# Exercise aim
Reproduce verbatim all of the data given below, but do not carry over the images.

# Data to process
•••••
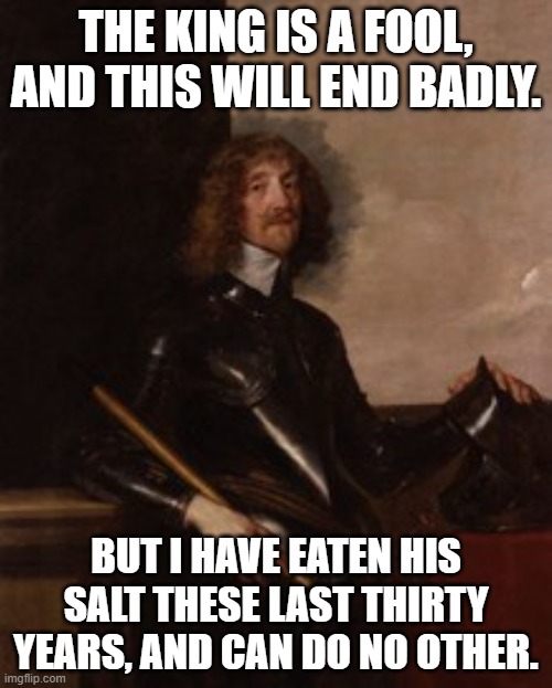 Many Cavaliers were under no illusions as to their King’s character and duplicity. At the first battle of Edgehill, Sir Edmund Verney carried Charles’ standard.
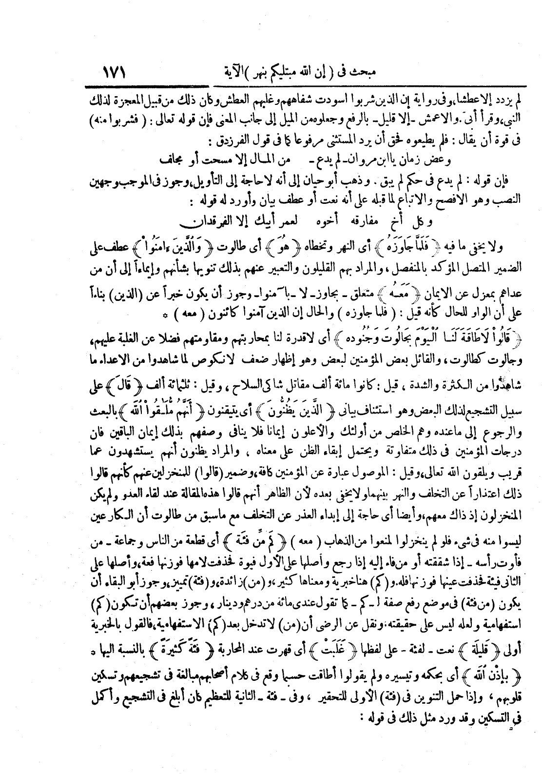 لم يزدد إلا عطشا وفي رواية إن الذين شربوا أسودت شفاههم وغلبهم العطش وكان ذلك من قبيل المعجزة لذلك النبي وقرأ أبي والأعمشإلا قليلبالرفع وجعلوه من الميل إلى جانب المعنى فإن قوله تعالى : فشربوا منه في قوة أن يقال : فلم يطيعوه فحق أن يرد المستثنى مرفوعا كما في قول الفرزدق : وعض زمان ياإبن مروانلم يدع من المال إلا مسحت أو مجلف فإن قوله : لم يدع في حكم لم يبق وذهب أبو حيان إلى أنه لا حاجة إلى التأويل وجوز في الموجب وجهين النصب وهو الأفصح والإتباع لما قبله على أنه نعت أو عطف بيان وأورد له قوله : وكل أخ مفارقه أخوه لعمر أبيك إلا الفرقدان ولا يخفى ما فيه فلما جاوزه أي النهر وتخطاه هو أي طالوت والذين آمنوا عطف على الضمير المتصل المؤكد بالمنفصل والمراد بهم القليلون والتعبير عنهم بذلك تنويها بشأنهم وإيماءا إلى أن من عداهم بمعزل عن الإيمان معه متعلقيجاوزلابآمنواوجو أن يكون مخبرا عن الذين بناءا على أن الواو للحال كأنه قيل : فلما جاوزه والحال إن الذين آمنوا كائنون معه
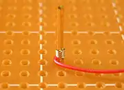 Las partes electrónicas a veces son conectadas en zócalos, que a su vez están unidos con cianoacrilato o adhesivos de silicio, a pequeñas placas de fibra de vidrio epóxicas. Los zócalos tienen postes cuadrados, frecuentemente de 0.025 pulgadas (635 micrómetros) de arista, una pulgada (25.4mm) de altura y con un espaciado de 0.1 pulgadas (2.54mm). Los mejores postes están hechos de una aleación de berilio y cobre, con una capa de 25 micropulgadas (635 nanómetros) de oro para prevenir la corrosión. Los postes más baratos están hechos de bronce con una capa de estaño.
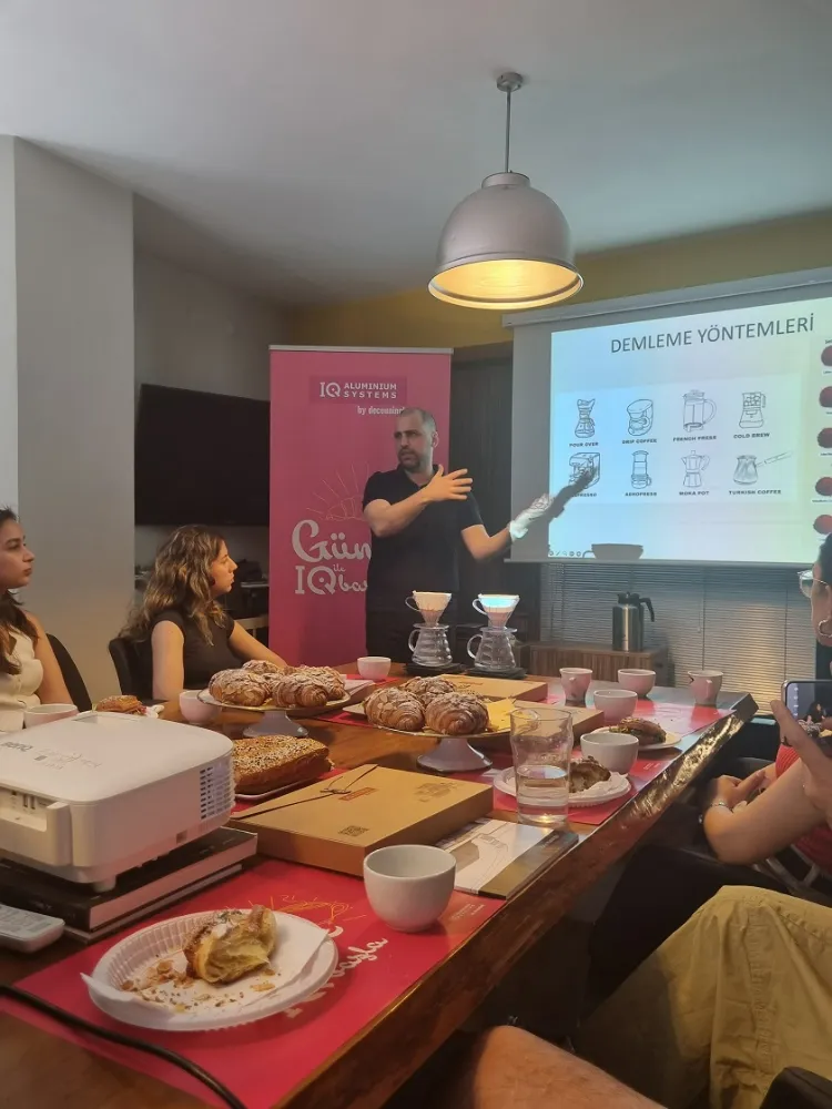 Ziyareti daha da keyifli hale getiren sürpriz kahve workshop’ıydı. Uzman bir barista ve kahve tadımı uzmanı tarafından workshop yapılarak, özel kahvelerin tadımı yapıldı ve kahve demlemeye dair bilgiler verildi. IQ Alüminyum Sistemleri, ‘Güne IQ ile başla’ projesini farklı mimarlık ofislerini de ziyaret ederek sürdürecek.
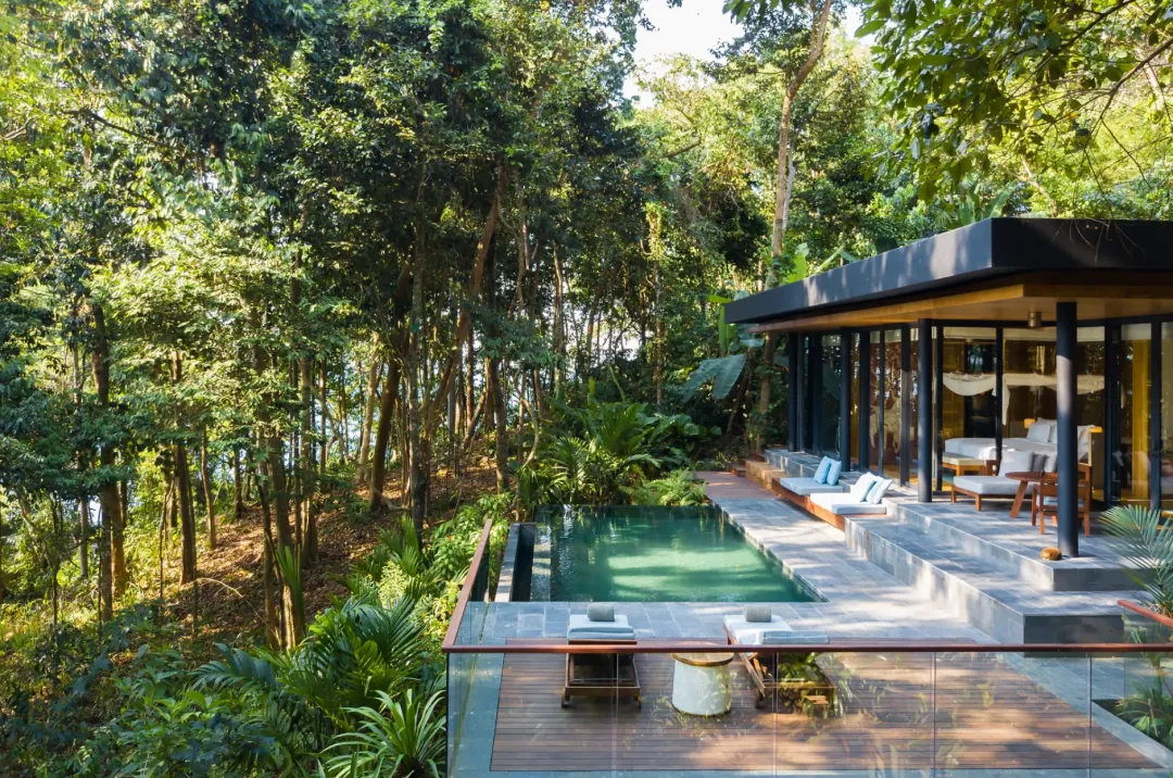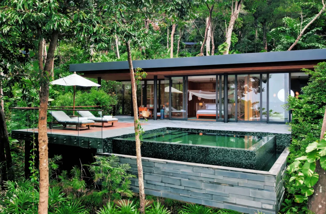 泳池别墅坐落在迷人的热带自然环境中,设施完善,居住舒适,环境隐蔽。别墅提供套内浴室和宽敞的起居空间,起居空间一直延伸到泳池露台,此外全落地玻璃窗充分利用了自然光线,让整个空间通透敞亮。
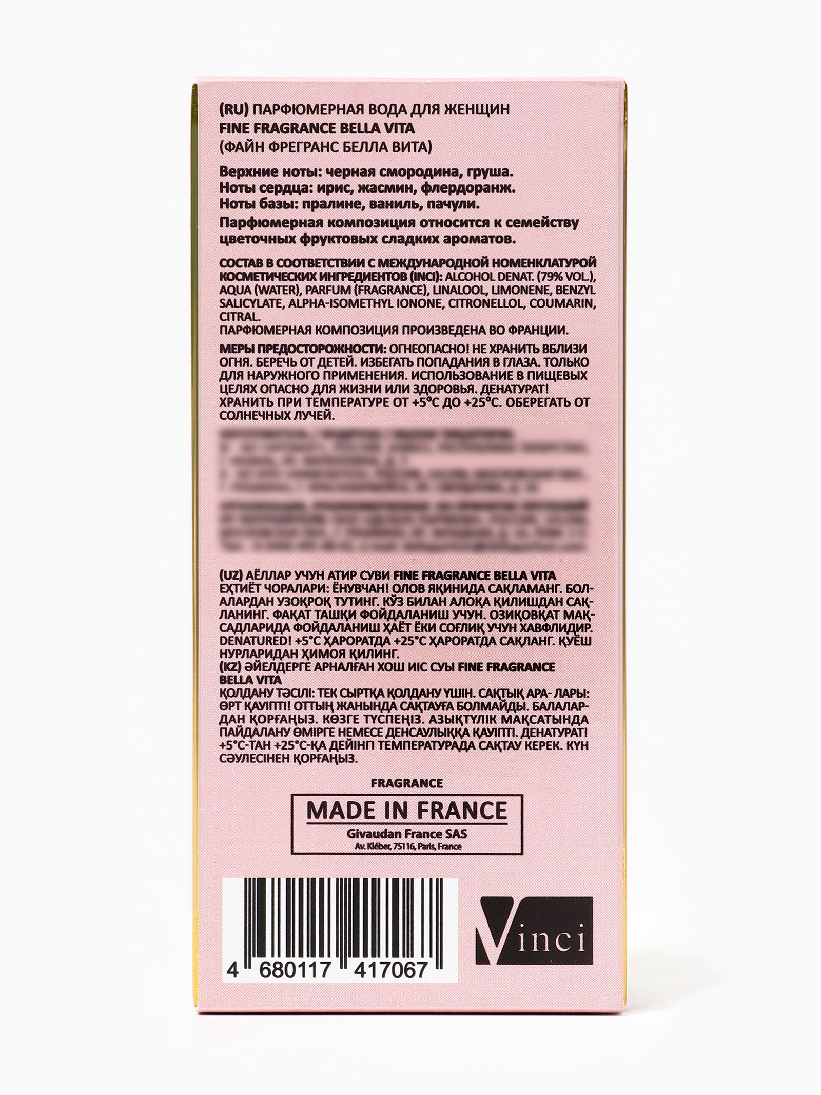 Группа ароматов: Фруктовые, Цветочные Базовые ноты: Бобы тонка, Ваниль, Пачули, Пралине Средние ноты: Апельсиновый цвет (Флёрдоранж), Жасмин, Ирис Верхние ноты: Груша, Смородина Размер упаковки: 5.5 x 3.5 x 12.5 см. tnved: 3307900000 Честный знак: Честный знак Температурное ограничение: Нет Вид: Парфюмерная вода Для кого: Для женщины Вид дозатора: Распылитель Fine Fragrance Bella Vita это аромат для женщин, которые хотят подчеркнуть свою элегантность, утонченность и внутреннюю гармонию. Он создан для тех, кто ценит утончённость, стиль и мягкое обаяние, способное оставлять за собой незабываемое впечатление. Этот парфюм словно гармония жизни, раскрывающая женственность и магнетизм своей обладательницы. С первых мгновений Bella Vita раскрывается свежими и лёгкими нотами, создавая ощущение лёгкости, радости и внутренней гармонии. В сердце аромата проявляются нежные цветочные и мягкие фруктовые акценты, придающие композиции женственность, утончённость и мягкую соблазнительность. Базовые ноты создают стойкий, тёплый и манящий шлейф, подчёркивающий харизму и индивидуальность женщины. Fine Fragrance Bella Vita идеально подходит для повседневного использования, встреч с друзьями, прогулок и романтических свиданий, когда хочется быть обаятельной, стильной и притягательной. Аромат раскрывает внутреннюю уверенность, мягкую женственность и очарование, создавая образ уверенной, гармоничной и притягательной женщины. Парфюм оставляет за собой лёгкий, свежий и манящий шлейф, который сопровождает на протяжении всего дня, создавая атмосферу радости, утончённости и женской привлекательности. Флакон: 50 мл стильный, современный и удобный для повседневного использования, отражает концепцию аромата: гармония, женственность и элегантная притягательность. | ||
•••••
# Task response
 Many Cavaliers were under no illusions as to their King’s character and duplicity. At the first battle of Edgehill, Sir Edmund Verney carried Charles’ standard.
 لم يزدد إلا عطشا وفي رواية إن الذين شربوا أسودت شفاههم وغلبهم العطش وكان ذلك من قبيل المعجزة لذلك النبي وقرأ أبي والأعمشإلا قليلبالرفع وجعلوه من الميل إلى جانب المعنى فإن قوله تعالى : فشربوا منه في قوة أن يقال : فلم يطيعوه فحق أن يرد المستثنى مرفوعا كما في قول الفرزدق : وعض زمان ياإبن مروانلم يدع من المال إلا مسحت أو مجلف فإن قوله : لم يدع في حكم لم يبق وذهب أبو حيان إلى أنه لا حاجة إلى التأويل وجوز في الموجب وجهين النصب وهو الأفصح والإتباع لما قبله على أنه نعت أو عطف بيان وأورد له قوله : وكل أخ مفارقه أخوه لعمر أبيك إلا الفرقدان ولا يخفى ما فيه فلما جاوزه أي النهر وتخطاه هو أي طالوت والذين آمنوا عطف على الضمير المتصل المؤكد بالمنفصل والمراد بهم القليلون والتعبير عنهم بذلك تنويها بشأنهم وإيماءا إلى أن من عداهم بمعزل عن الإيمان معه متعلقيجاوزلابآمنواوجو أن يكون مخبرا عن الذين بناءا على أن الواو للحال كأنه قيل : فلما جاوزه والحال إن الذين آمنوا كائنون معه
 Las partes electrónicas a veces son conectadas en zócalos, que a su vez están unidos con cianoacrilato o adhesivos de silicio, a pequeñas placas de fibra de vidrio epóxicas. Los zócalos tienen postes cuadrados, frecuentemente de 0.025 pulgadas (635 micrómetros) de arista, una pulgada (25.4mm) de altura y con un espaciado de 0.1 pulgadas (2.54mm). Los mejores postes están hechos de una aleación de berilio y cobre, con una capa de 25 micropulgadas (635 nanómetros) de oro para prevenir la corrosión. Los postes más baratos están hechos de bronce con una capa de estaño.
 Ziyareti daha da keyifli hale getiren sürpriz kahve workshop’ıydı. Uzman bir barista ve kahve tadımı uzmanı tarafından workshop yapılarak, özel kahvelerin tadımı yapıldı ve kahve demlemeye dair bilgiler verildi. IQ Alüminyum Sistemleri, ‘Güne IQ ile başla’ projesini farklı mimarlık ofislerini de ziyaret ederek sürdürecek.
 泳池别墅坐落在迷人的热带自然环境中,设施完善,居住舒适,环境隐蔽。别墅提供套内浴室和宽敞的起居空间,起居空间一直延伸到泳池露台,此外全落地玻璃窗充分利用了自然光线,让整个空间通透敞亮。
 Группа ароматов: Фруктовые, Цветочные Базовые ноты: Бобы тонка, Ваниль, Пачули, Пралине Средние ноты: Апельсиновый цвет (Флёрдоранж), Жасмин, Ирис Верхние ноты: Груша, Смородина Размер упаковки: 5.5 x 3.5 x 12.5 см. tnved: 3307900000 Честный знак: Честный знак Температурное ограничение: Нет Вид: Парфюмерная вода Для кого: Для женщины Вид дозатора: Распылитель Fine Fragrance Bella Vita это аромат для женщин, которые хотят подчеркнуть свою элегантность, утонченность и внутреннюю гармонию. Он создан для тех, кто ценит утончённость, стиль и мягкое обаяние, способное оставлять за собой незабываемое впечатление. Этот парфюм словно гармония жизни, раскрывающая женственность и магнетизм своей обладательницы. С первых мгновений Bella Vita раскрывается свежими и лёгкими нотами, создавая ощущение лёгкости, радости и внутренней гармонии. В сердце аромата проявляются нежные цветочные и мягкие фруктовые акценты, придающие композиции женственность, утончённость и мягкую соблазнительность. Базовые ноты создают стойкий, тёплый и манящий шлейф, подчёркивающий харизму и индивидуальность женщины. Fine Fragrance Bella Vita идеально подходит для повседневного использования, встреч с друзьями, прогулок и романтических свиданий, когда хочется быть обаятельной, стильной и притягательной. Аромат раскрывает внутреннюю уверенность, мягкую женственность и очарование, создавая образ уверенной, гармоничной и притягательной женщины. Парфюм оставляет за собой лёгкий, свежий и манящий шлейф, который сопровождает на протяжении всего дня, создавая атмосферу радости, утончённости и женской привлекательности. Флакон: 50 мл стильный, современный и удобный для повседневного использования, отражает концепцию аромата: гармония, женственность и элегантная притягательность. | ||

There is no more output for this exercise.